Quem acompanha de perto as entranhas da Operação Lava-Jato sabe como se deram muitos dos acordos de colaboração premiada. Em troca de redução de pena e de reconquista da liberdade, mesma que vigiada, delatores contam o que sabem, mas muitas vezes são obrigados a revelar o que desconhecem ou, então, aquilo que conhecem superficialmente. Isso porque a sanha dos investigadores por denunciar corruptos tornou-se incontrolável.

Essa necessidade de regulamentação encontra respaldo em algumas delações absurdas, como, por exemplo, a dos executivos da JBS, que foi premiadíssima. O empresário Joesley Batista, responsável pelo esquema que comprou quase dois mil políticos em todo o País, segundo o próprio delator, assume que cometeu crimes em série e é contemplado com um acordo que atenta contra o bom senso e a lógica.
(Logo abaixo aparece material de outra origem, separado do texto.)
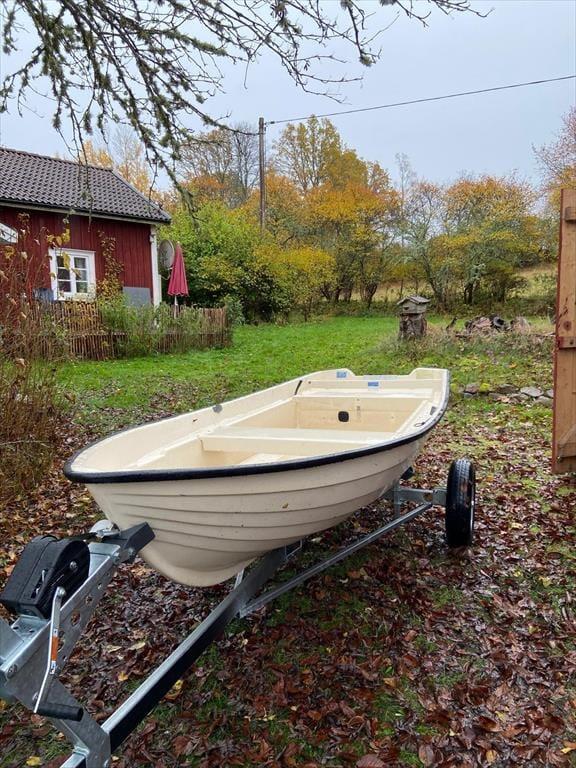 På terassen står havemøbler, liggestole, en parasol og en kulgrill. Fra foråret 2026 vil der også være en robåd til rådighed.

De chofre, quando surgiram as primeiras acusações contra peemedebistas, supunha-se que a delação dos irmãos Batista estava recheada de revelações bombásticas que poderiam produzir provas irrefutáveis. Até porque, exige uma contrapartida excepcional um acordo de colaboração que concede ao criminoso o direito de não responder a ações penais, de viajar ao exterior e morar onde quiser, inclusive desfrutando de boa parte da fortuna conseguida com a ajuda de políticos corruptos.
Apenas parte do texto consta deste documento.